福光屋には、研究開発型企業というもう一つの顔がある。米由来のアミノ酸化粧品、米と米麹を原材料にした乳酸菌ドリンク「ANP71」など、
酒以外の分野も広く開拓している。「米から酒を造るだけではなく、米を発酵させることを通じて、お客様の生活を豊かにするという志のもと、
いまだ謎の多い米発酵に秘められたパワーを探りながら、福光屋は米発酵会社としての可能性を見つめている。
ライバルは酒蔵ではない
日本酒の新たな在り方を求めて
ここ50年で酒を取り巻く環境は大きく変わった。ワインやビール、チューハイなどが台頭。消費者の選択肢は広がり、
ライフスタイルの変化に伴って酒を飲まない人口も増加している。もう、ライバルは酒蔵ではない。
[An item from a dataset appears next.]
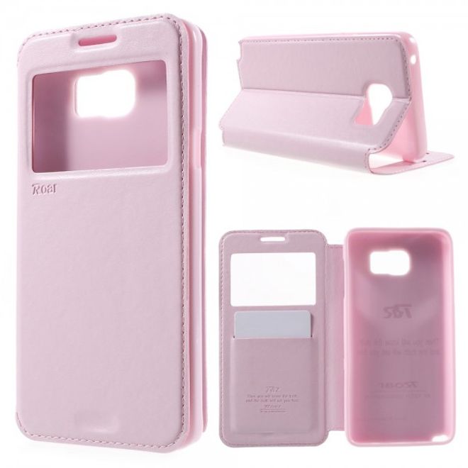 Samsung Galaxy Note 5 Roar Korea Leder Case mit kleinem Fenster - pink

日本酒業界全体を盛り上げるため、福光屋は県内の酒蔵と一丸となって様々なチャレンジに取り組んでいる。
石川の地酒と美食を集めた「サケマルシェ」、ワイン好きに日本酒の魅力をアプローチするフレンチやイタリアンとのコラボレーション。
入口を広げ、そこから日本酒を深く知ってもらうのが狙いだ。その仕掛けをどう作っていくか模索はするものの、日本酒としてのアイデンティティはぶれない。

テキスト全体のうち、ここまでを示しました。